INPUT MATERIAL
******************************
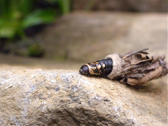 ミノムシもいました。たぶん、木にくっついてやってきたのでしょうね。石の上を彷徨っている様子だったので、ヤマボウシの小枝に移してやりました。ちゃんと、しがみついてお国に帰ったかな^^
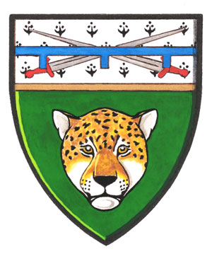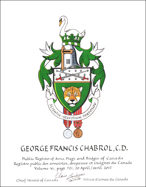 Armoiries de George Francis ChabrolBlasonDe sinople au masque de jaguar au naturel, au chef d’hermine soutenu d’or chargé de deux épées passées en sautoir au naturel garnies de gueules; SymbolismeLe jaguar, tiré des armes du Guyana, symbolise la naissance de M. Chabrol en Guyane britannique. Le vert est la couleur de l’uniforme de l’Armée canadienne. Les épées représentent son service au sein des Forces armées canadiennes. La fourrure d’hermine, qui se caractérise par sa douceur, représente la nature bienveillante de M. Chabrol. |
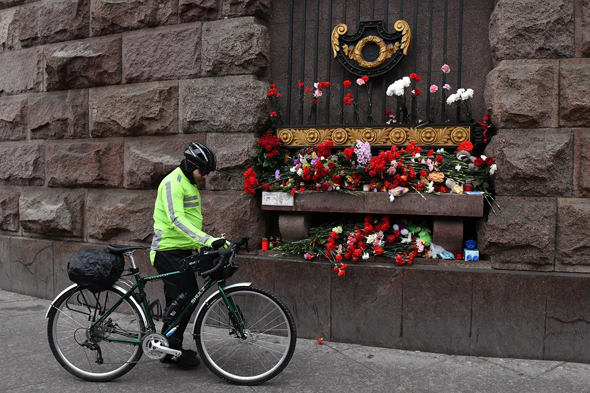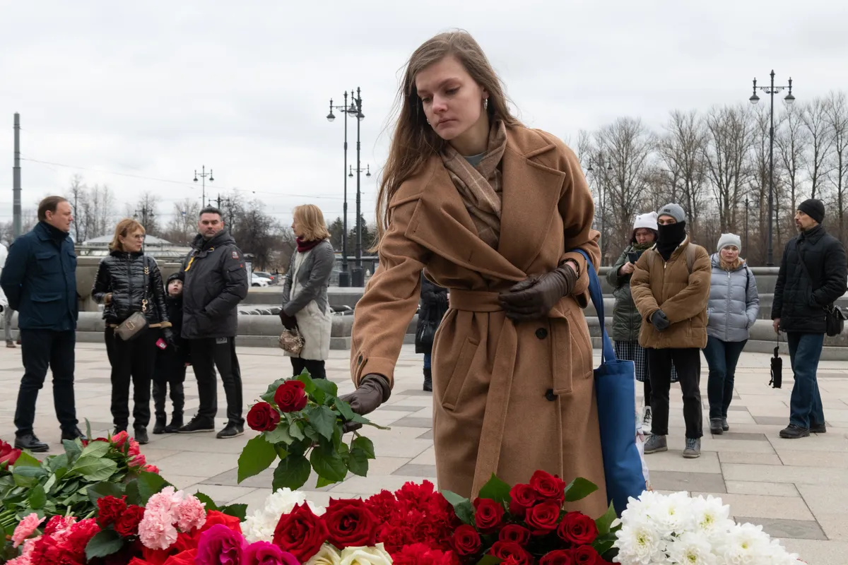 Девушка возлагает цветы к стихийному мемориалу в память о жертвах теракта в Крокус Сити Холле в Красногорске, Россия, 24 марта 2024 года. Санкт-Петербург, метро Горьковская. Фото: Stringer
******************************
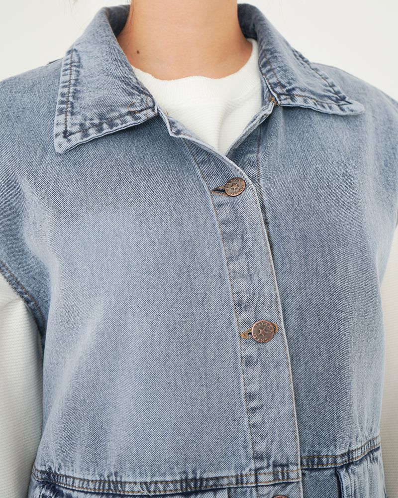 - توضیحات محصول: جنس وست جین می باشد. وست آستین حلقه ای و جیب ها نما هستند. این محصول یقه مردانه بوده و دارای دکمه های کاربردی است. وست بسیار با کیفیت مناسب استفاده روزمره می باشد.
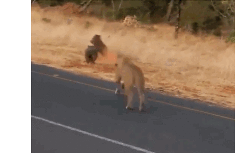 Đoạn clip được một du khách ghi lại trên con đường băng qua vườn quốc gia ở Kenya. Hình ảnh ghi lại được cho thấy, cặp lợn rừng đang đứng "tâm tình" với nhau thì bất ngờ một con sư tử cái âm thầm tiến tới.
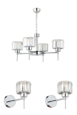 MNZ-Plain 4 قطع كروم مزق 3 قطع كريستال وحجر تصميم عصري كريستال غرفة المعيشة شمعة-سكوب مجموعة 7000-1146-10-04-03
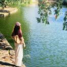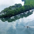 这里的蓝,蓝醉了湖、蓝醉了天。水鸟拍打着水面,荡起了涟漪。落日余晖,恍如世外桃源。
******************************
WHAT THIS TASK INVOLVES
Looking at the listing above, which lines run from the one containing "- توضیحات محصول: جنس" through the one containing "这里的蓝,蓝醉了湖、蓝醉了天"? Print exactly those, ends included, pictures excluded.

EXPECTED OUTPUT
 - توضیحات محصول: جنس وست جین می باشد. وست آستین حلقه ای و جیب ها نما هستند. این محصول یقه مردانه بوده و دارای دکمه های کاربردی است. وست بسیار با کیفیت مناسب استفاده روزمره می باشد.
 Đoạn clip được một du khách ghi lại trên con đường băng qua vườn quốc gia ở Kenya. Hình ảnh ghi lại được cho thấy, cặp lợn rừng đang đứng "tâm tình" với nhau thì bất ngờ một con sư tử cái âm thầm tiến tới.
 MNZ-Plain 4 قطع كروم مزق 3 قطع كريستال وحجر تصميم عصري كريستال غرفة المعيشة شمعة-سكوب مجموعة 7000-1146-10-04-03
 这里的蓝,蓝醉了湖、蓝醉了天。水鸟拍打着水面,荡起了涟漪。落日余晖,恍如世外桃源。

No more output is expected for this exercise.